There are some things that we have on our bodies that will just smell after a period of time.
Shirts, socks, underwear, pants, even shoes, all of these things will somehow capture the worst odours of our bodies and keep them until they are thoroughly washed.
However, there are some tools that we do not expect to have a terrible odour, despite us using them all the time.
One of the ones that you definitely don’t want to smell before using it is a retainer.
But why do retainers get smelly? Is it because we smell? Or is it a result of what they do?
In this article, we are going to answer these questions and help to work out how to stop your retainer from smelling.
What Is A Retainer?
Retainers are custom-made pieces of metal or plastic that are fitted to your gum and tooth line.
A retainer will be made and given to you by a dentist after you have had your braces removed. This is for a couple of reasons.
The first is to help your bones rebuild after the braces come off.
See, when you have braces, they are tightened so that your teeth gradually move in position in order to correct them and make them more useful for the patient.
In this circumstance, the teeth will have been corrected, but the bones that hold the teeth in place will now have areas that are loosened and not holding the tooth as tightly.
If left to their own devices, the teeth will just slide back into their original position, thus recreating the problem that braces were intended to fix.
As such, a retainer will be fitted to keep the teeth in place and allow the bones to rebuild and set, allowing the teeth to retain their new position permanently.
There are other circumstances where a retainer might be necessary, like when a single or only a couple of teeth are misaligned.
In this case, a retainer will be fitted instead of a brace to move the teeth back into place over several years.
Lastly, retainers may be given to someone who has a tongue thrust.
This is a condition where the tongue slides through the teeth when someone talks.
Having a retainer specifically fitted will train the tongue not to do this, making it much easier for the individual to speak.
Why Does My Retainer Smell?
The reason your retainer smells is the same reason your teeth or mouth would smell if you didn’t brush your teeth.
We all like to think that our mouth is home to teeth, gums, and saliva with nothing else there, but that is simply not true.
There are many things that live in your mouth, just like there are many things that live in or on other parts of your body. We just don’t like to talk or think about them.
Your mouth is full of naturally occurring bacteria and no matter what you do, you cannot remove them all.
These bacteria thrive in the environment of your mouth and as they thrive, they produce waste.
This waste is in the form of gas, but can be other deposits.
This waste is what gives you bad breath if you don’t manage your mouth, in a similar cycle to intense body odour, being mainly from bacterial waste when they feed on our sweat.
When you put your retainer in, that bacteria can transfer to your retainer and since your retainer is transferred between different semi-wet environments, they grow and multiply.
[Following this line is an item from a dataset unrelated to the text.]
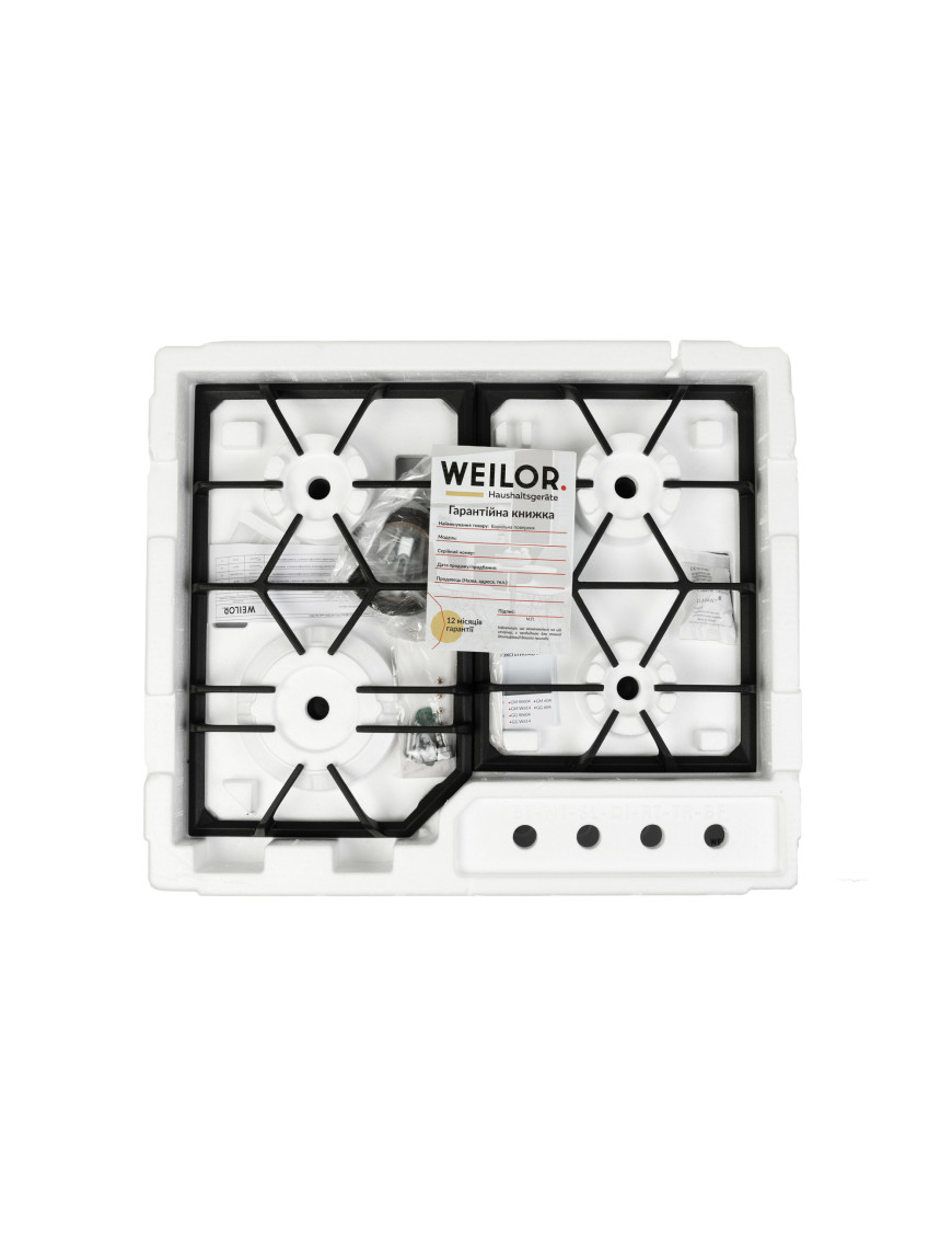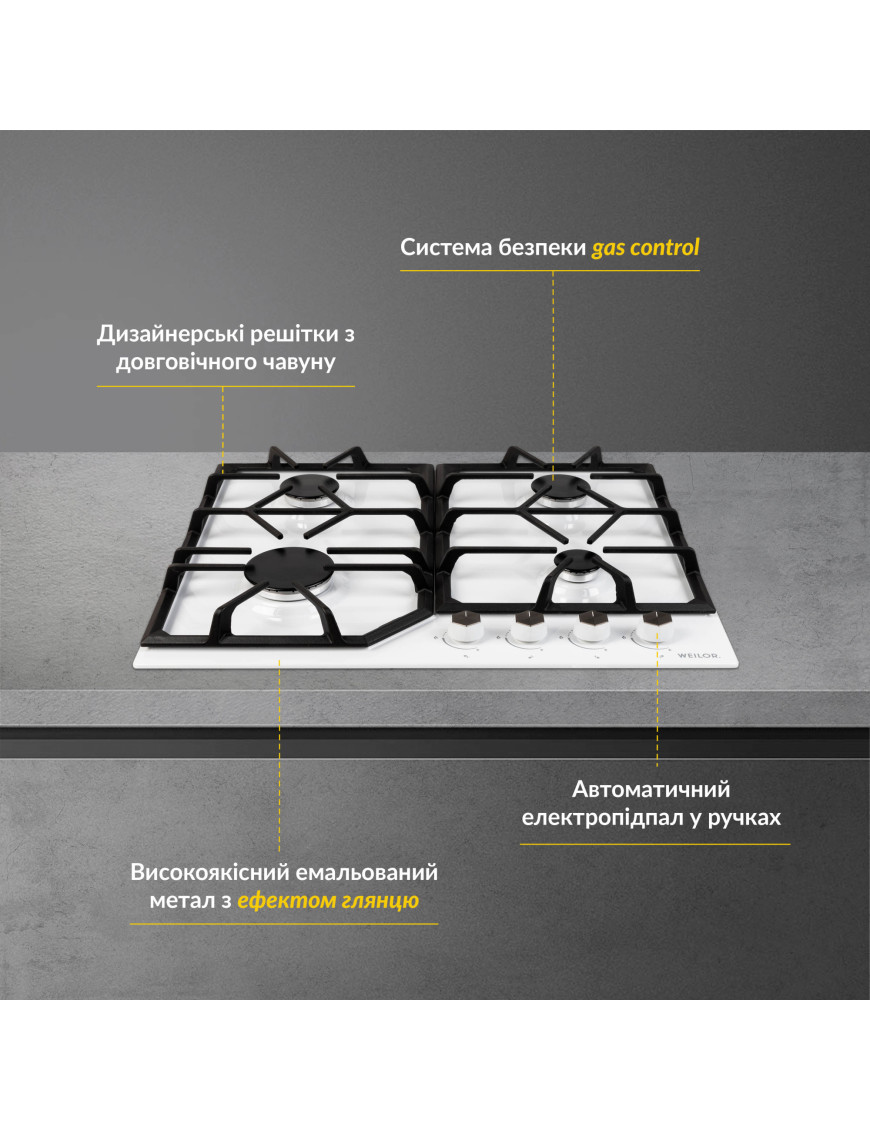 Газовая варочная поверхность на металле от Weilor - символ немецкого качества, функциональности и современности в каждой детали Интересная геометрия решеток из прочного чугуна обеспечивает надежную устойчивость посуды на поверхности. Глянцевый эмалированный металл, кроме стильного вида, отличается устойчивостью к механическим повреждениям и перепадам температур Забудьте о спичках и зажигалках, потому что все варочные поверхности Weilor оборудованы функцией автоматического электроподжига. Чтобы зажечь конфорку, просто нажмите на ручку управления из термостойкого пластика Варочная поверхность оборудована системой защиты газ-контроль, которая автоматически прекращает подачу газа в случае случайного затухания пламени. Это исключает риск утечки газа на вашей кухне Дизайнерские чугунные решетки, стильные ручки управления и глянцевое покрытие, Каждая деталь, изготовленная по немецким стандартам качества, Конфорки, органично расположенные для одновременного выполнения различных задач, Автоматический электроподжиг и газ-контроль - забота о вашей безопасности

Eventually, they produce so much gas and waste that you can smell it.
These bacteria also contribute to the plaque and tartar that you have on your teeth and gums.
Should either of these two transfer to your retainer or begin to accumulate on your retainer, then it will develop a truly intense odour.
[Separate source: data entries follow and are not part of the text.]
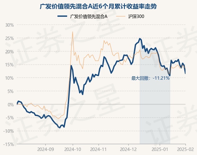 证券之星消息,2月5日,广发价值领先混合A最新单位净值为1.4179元,累计净值为1.4179元,较前一交易日下跌2.6%。历史数据显示该基金近1个月下跌2.48%,近3个月下跌2.6%,近6个月上涨11.64%,近1年上涨14.95%。该基金近6个月的累计收益率走势如下图: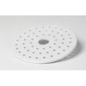 Desiccator Plate, 190 mm dia, 23 mm Central Hole dia, 1 mm Hole dia, Porcelain, 1150°C Maximum Temperature Limit, With Numerous Small Perforations, Large Hole in Center, Glazed on Top Surface
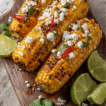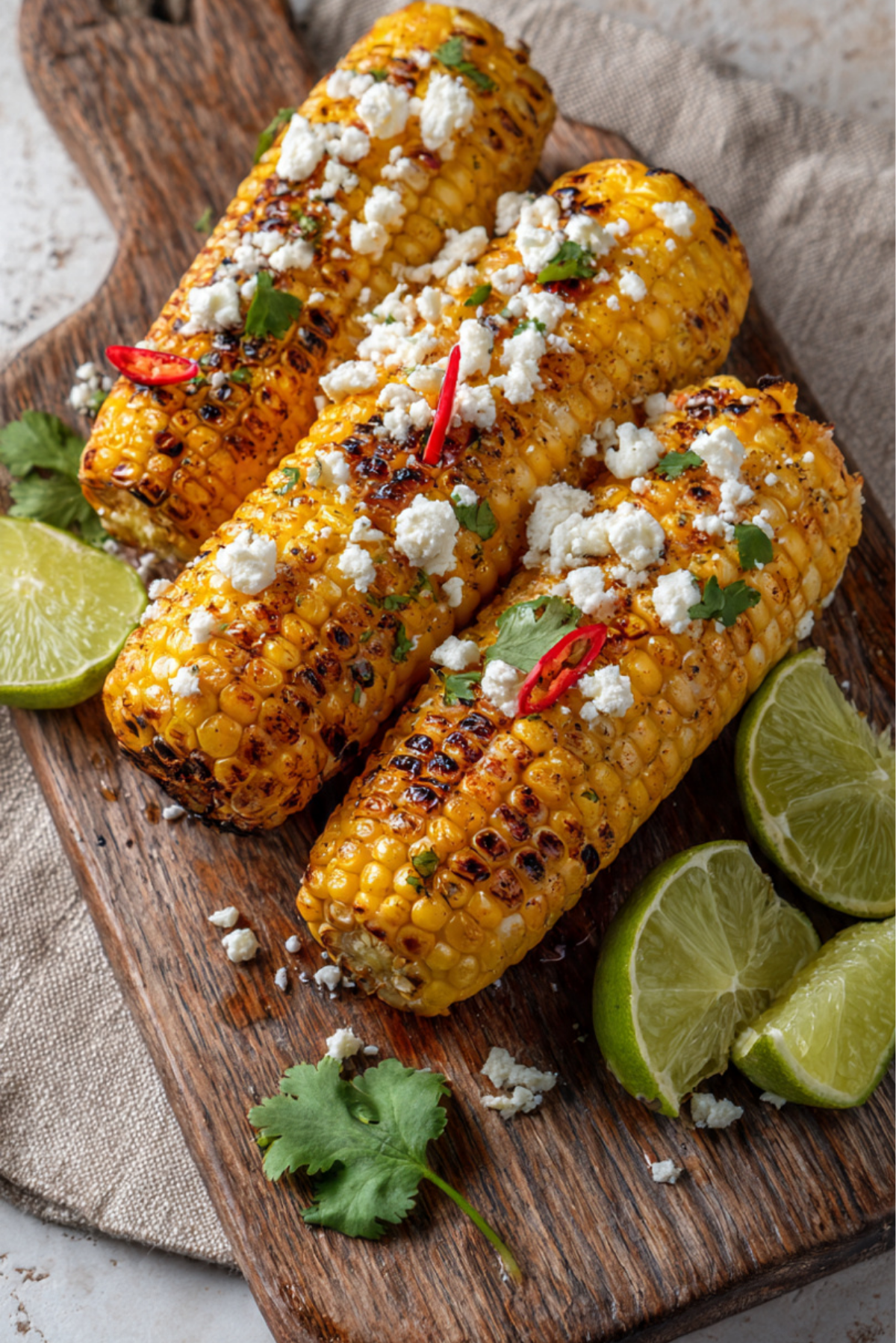 Sweet roasted corn brushed with garlic butter and topped with crumbled feta and sliced chilies. A vibrant, flavor-packed side dish perfect for summer gatherings or cozy dinners.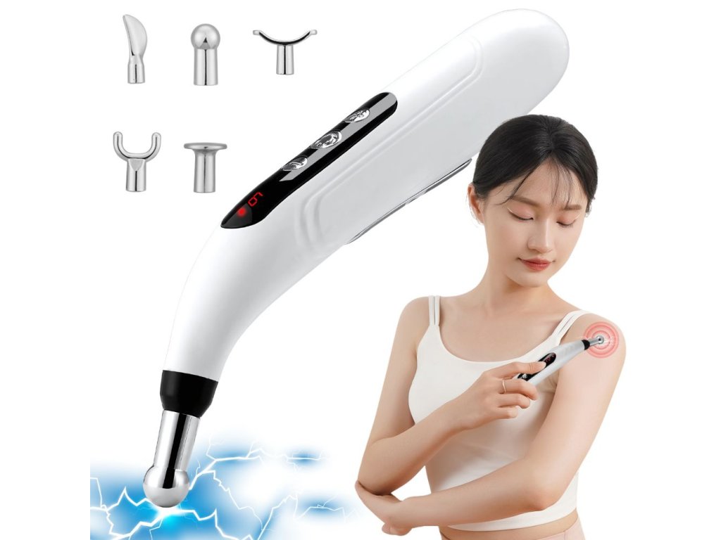 Praktické a snadno použitelné masážní pero je přístroj pro elektrostimulaci akupunkturních bodů. Využívá nízkofrekvenční elektrické impulzy ke stimulaci svalů, zlepšení krevního oběhu a snížení napětí. Ideální pro domácí terapii bolesti, relaxační masáž nebo zlepšení regenerace po cvičení.

In your mouth, the odour can be contained and localized to just inside your mouth, but when it is outside, the smell spreads and turns the area around it into a truly pungent and terrible smelling place.
How Can I Stop The Stink?
The same way you stop the stink in your mouth: you clean it. Now, this requires a two-pronged approach.
The first you need to do is to make sure you are cleaning your teeth and mouth properly.
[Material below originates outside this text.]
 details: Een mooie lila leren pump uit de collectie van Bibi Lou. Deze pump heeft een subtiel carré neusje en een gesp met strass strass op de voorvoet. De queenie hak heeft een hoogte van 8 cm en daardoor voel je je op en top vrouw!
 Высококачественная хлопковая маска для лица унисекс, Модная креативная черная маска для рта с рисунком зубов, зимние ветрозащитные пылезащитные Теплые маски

The reason your retainer smells is that something in your mouth is causing it to smell.
This could be the accumulation of use over time, but it may also be because you are not brushing for long enough or often enough.
As such, make sure you are doing a thorough brush of your teeth and flossing two times a day, with some gargling of mouthwash added to the mix if you can.
If you are doing this – and cleaning your retainer – then it may be that some food particles that the bacteria are feeding on are getting into the retainer.
To avoid this, brush your teeth after every meal to make sure that very few food particles remain.
The next step is cleaning your retainer. To do this, all you need is an old toothbrush, some mouthwash, and some soapy water.
Take out and rinse the retainer before putting it in a cup of warm, soapy water.
After a few minutes, give it a swirl in the soapy water before rinsing it in some fresh water.
Then, using a cap full of mouthwash, dip your toothbrush in the mouthwash and scrub the retainer gently.
Your retainer is fitted to your teeth, so a toothbrush will be the perfect implement to clean it, just like for your teeth.
Scrub the retainer all over and give it another rinse.
After this, the smell should have abated somewhat and left you with a fresh-smelling retainer.
Retainers smell for the same reason that our mouth smells. They need to be cleaned of the bacteria, plaque, tartar, and food particles that build up within.
As such, giving your retainer a regular clean should help get rid of the worst of the smell.